=== How to complete this task ===
Give back the full listing exactly, setting the pictures aside.

=== Raw data ===
══════

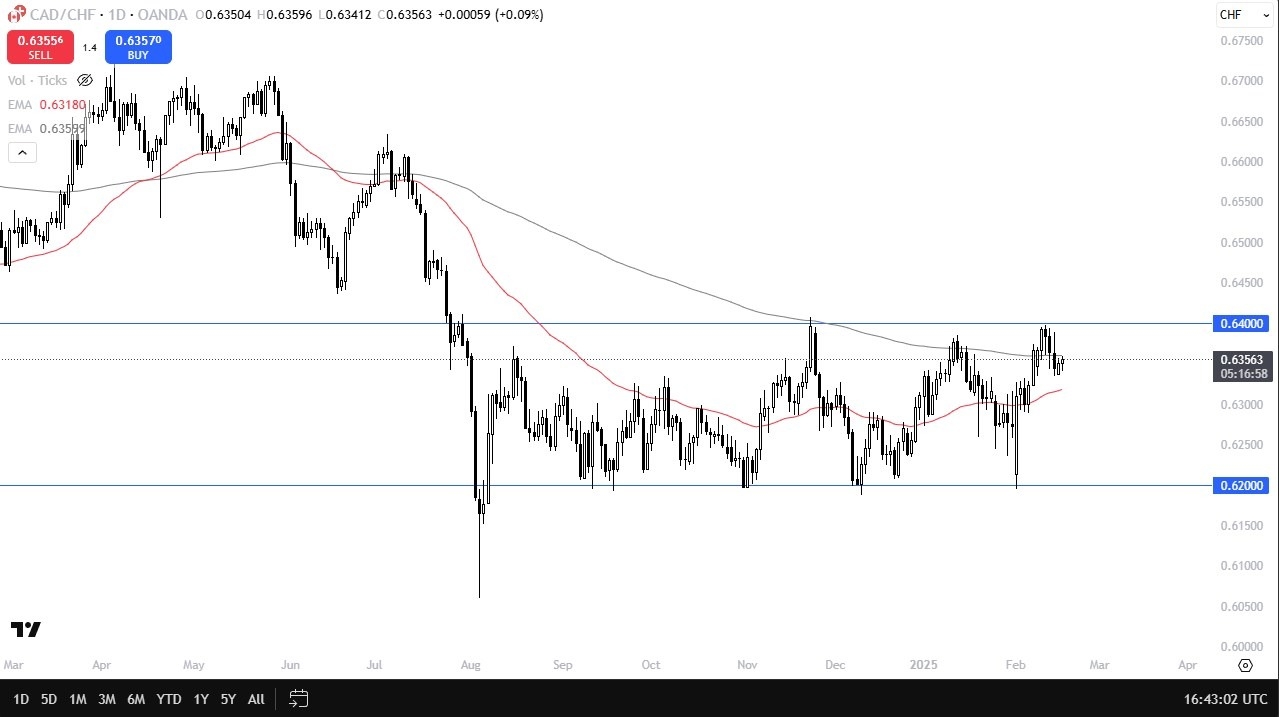 The Canadian dollar initially pulled back just a bit during the trading session on Tuesday but then turned around to show signs of life. The market is currently hanging around the 200-day EMA, which in and of itself will cause a certain amount of interest. But when I look at this chart, I also recognize that it is a market that has been consolidating for some time. What I find interesting is that a couple of weeks ago, we ended up forming a massively bullish candlest【XM外汇】ick after the initial gap lower due to tariffs being announced by the United States. And we have rallied quite nicely since then. I think at this point in time, most traders are willing to sleepwalk past the idea that the United States might still slap tariffs on Canada.
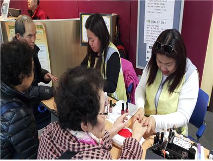¼º³²½Ã °áÈ¥ÀÌÁÖ¿©¼ºµé·Î ±¸¼ºµÈ ¡®µÎ¹«¸® ºÀ»ç´Ü¡¯Àº 2¿ù 25ÀÏ 10½Ã Áß¿ø±¸ »ó´ë¿øµ¿ Ȳ¼Û³ëÀκ¹Áö°ü¿¡¼­ ½Ã¼³ ÀÌ¿ë ¾î¸£½Å 30¸íÀ» ´ë»óÀ¸·Î ³×ÀÏ¾ÆÆ®¿Í ¼Õ ¸¶»çÁö ºÀ»ç¸¦ Çß´Ù.
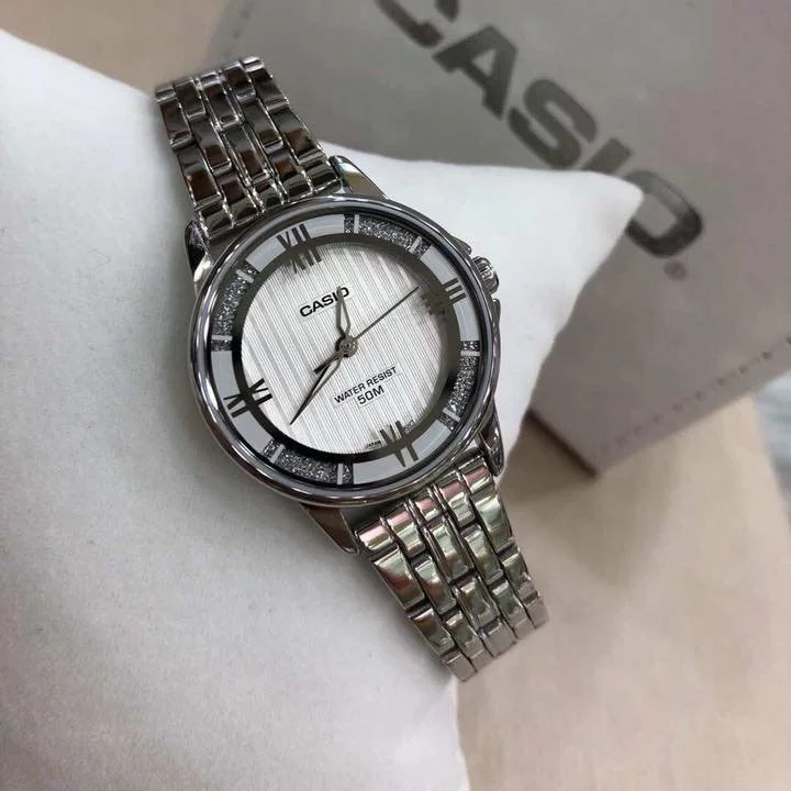 Японские женские часы Casio Collection LTP-1391D-7A2 изящно смотрятся на запястье, они привлекают классическим исполнением и правильной геометрией. Минималистичная модель станет отличным решением для любого случая: на работу, переговоры с деловыми партнёрами, прогулку с друзьями или праздничный вечер. Отсутствуют лишние детали, что позволяет часам быть актуальными на долгие годы. Циферблат с люминесцентным покрытиемЛюминесцентное покрытиеПозволяет считывать показания времени в темноте. Производители наносят на стрелки, часовые индексы, безель или поверхность циферблата светонакопительный состав, дающий холодное свечение. стрелок, дополнен минеральным стекломМинеральное стеклоМинеральное стекло представляет собой искусственно выращенный минерал кварца. Такое стекло отличается особой устойчивостью к повреждениям и царапинам. Уступает по некоторым качествам сапфировому стеклу. , устойчивым к мелким механическим повреждениям. Модель комплектуется надёжным механизмом, точность хода которого составляет +/- 20 сек/мес. Класс водозащиты: 50 метров, позволит защитить корпус от случайных брызг или капель дождя. Циферблат с метками в виде штрихов и римских цифр. Стальной браслет на раскладной застёжкеРаскладная застёжкаТакой тип застёжки используется только на браслетах из металла. Она никогда не раскрывается полностью, происходит разделение на 2 и более частей. Раскладывающая застёжка снизит вероятность потери часов к минимуму..
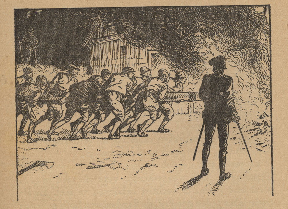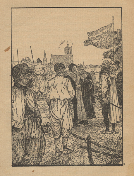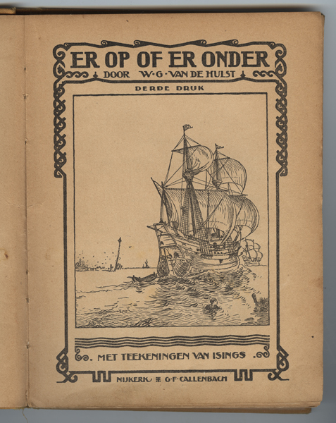 Boek zijnde een jeugdboek getiteld: 'Er op of er onder' over de inname van Den Briel. Op de voorkaft een afbeelding van een groep geuzen met wapens in hun hand. Op de achtergrond de Sint-Catharijnekerk van Brielle. In het boek diverse afbeeldingen die geïllustreerd zijn door J.H. Isings.

══════

=== Task result ===
 The Canadian dollar initially pulled back just a bit during the trading session on Tuesday but then turned around to show signs of life. The market is currently hanging around the 200-day EMA, which in and of itself will cause a certain amount of interest. But when I look at this chart, I also recognize that it is a market that has been consolidating for some time. What I find interesting is that a couple of weeks ago, we ended up forming a massively bullish candlest【XM外汇】ick after the initial gap lower due to tariffs being announced by the United States. And we have rallied quite nicely since then. I think at this point in time, most traders are willing to sleepwalk past the idea that the United States might still slap tariffs on Canada.
¼º³²½Ã °áÈ¥ÀÌÁÖ¿©¼ºµé·Î ±¸¼ºµÈ ¡®µÎ¹«¸® ºÀ»ç´Ü¡¯Àº 2¿ù 25ÀÏ 10½Ã Áß¿ø±¸ »ó´ë¿øµ¿ Ȳ¼Û³ëÀκ¹Áö°ü¿¡¼­ ½Ã¼³ ÀÌ¿ë ¾î¸£½Å 30¸íÀ» ´ë»óÀ¸·Î ³×ÀÏ¾ÆÆ®¿Í ¼Õ ¸¶»çÁö ºÀ»ç¸¦ Çß´Ù.
 Японские женские часы Casio Collection LTP-1391D-7A2 изящно смотрятся на запястье, они привлекают классическим исполнением и правильной геометрией. Минималистичная модель станет отличным решением для любого случая: на работу, переговоры с деловыми партнёрами, прогулку с друзьями или праздничный вечер. Отсутствуют лишние детали, что позволяет часам быть актуальными на долгие годы. Циферблат с люминесцентным покрытиемЛюминесцентное покрытиеПозволяет считывать показания времени в темноте. Производители наносят на стрелки, часовые индексы, безель или поверхность циферблата светонакопительный состав, дающий холодное свечение. стрелок, дополнен минеральным стекломМинеральное стеклоМинеральное стекло представляет собой искусственно выращенный минерал кварца. Такое стекло отличается особой устойчивостью к повреждениям и царапинам. Уступает по некоторым качествам сапфировому стеклу. , устойчивым к мелким механическим повреждениям. Модель комплектуется надёжным механизмом, точность хода которого составляет +/- 20 сек/мес. Класс водозащиты: 50 метров, позволит защитить корпус от случайных брызг или капель дождя. Циферблат с метками в виде штрихов и римских цифр. Стальной браслет на раскладной застёжкеРаскладная застёжкаТакой тип застёжки используется только на браслетах из металла. Она никогда не раскрывается полностью, происходит разделение на 2 и более частей. Раскладывающая застёжка снизит вероятность потери часов к минимуму..
 Boek zijnde een jeugdboek getiteld: 'Er op of er onder' over de inname van Den Briel. Op de voorkaft een afbeelding van een groep geuzen met wapens in hun hand. Op de achtergrond de Sint-Catharijnekerk van Brielle. In het boek diverse afbeeldingen die geïllustreerd zijn door J.H. Isings.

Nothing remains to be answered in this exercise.